Task directions:
With pictures left out, write out exactly every line from the start of the data through the one that contains "Rolladengurt in grau".

Data segment:

———

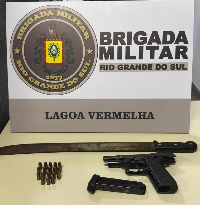 O indivíduo recebeu atendimento médico e foi encaminhado a uma unidade de saúde. Durante a averiguação, a Brigada Militar apreendeu uma pistola calibre .380, municiada com 18 munições intactas, além de um facão, materiais utilizados nas ameaças.
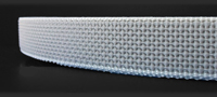 Rolladengurt in grau mit einer Gurtbandstärke von ca. 1,5 mm. Aufzuggurt in Querrippenoptik mit verstärkten Nylonkanten.
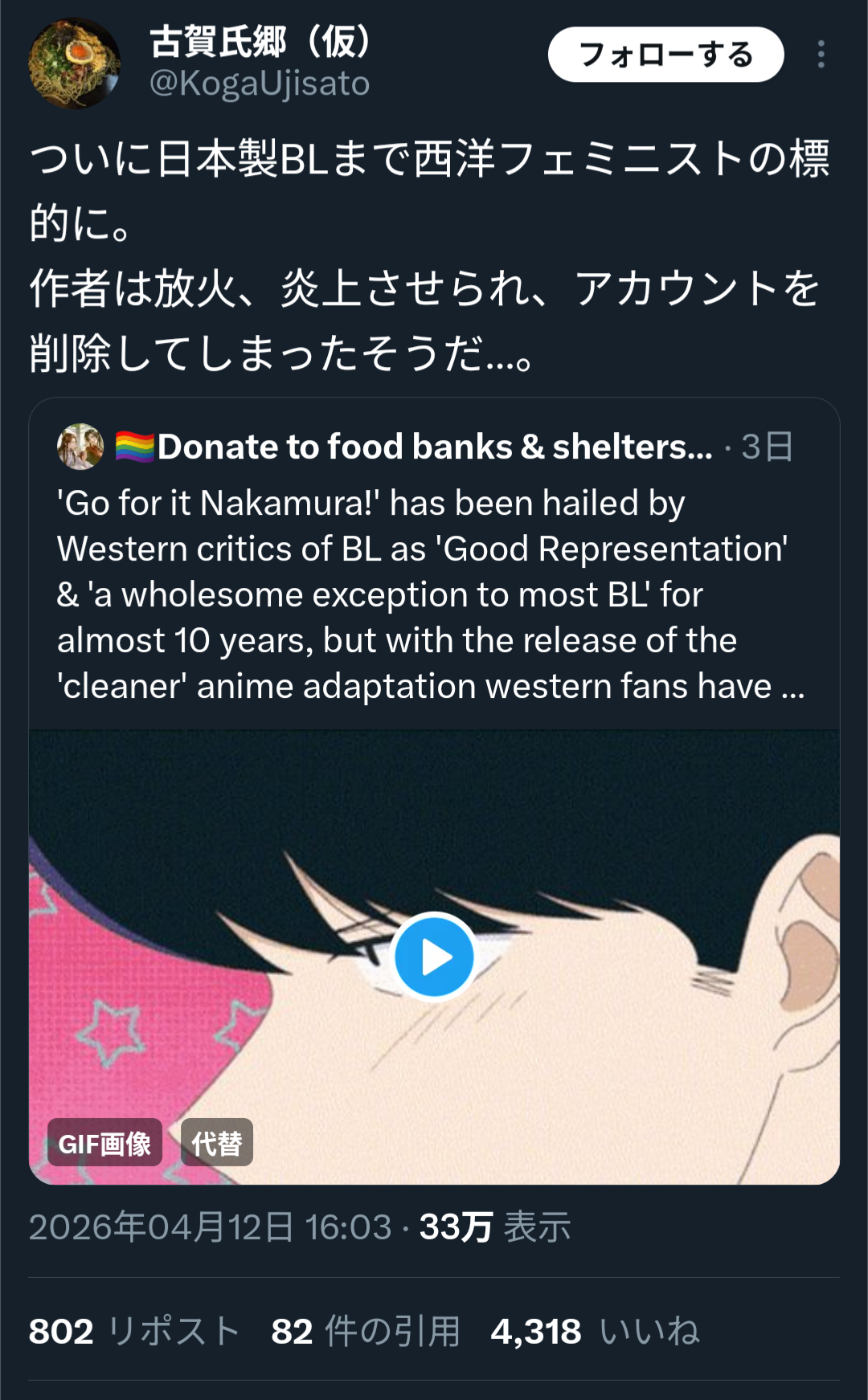| … | 42626/04/13(月)03:10:30No.1419894041そうだねx4フェミニストとBL |

———

Response box:
 O indivíduo recebeu atendimento médico e foi encaminhado a uma unidade de saúde. Durante a averiguação, a Brigada Militar apreendeu uma pistola calibre .380, municiada com 18 munições intactas, além de um facão, materiais utilizados nas ameaças.
 Rolladengurt in grau mit einer Gurtbandstärke von ca. 1,5 mm. Aufzuggurt in Querrippenoptik mit verstärkten Nylonkanten.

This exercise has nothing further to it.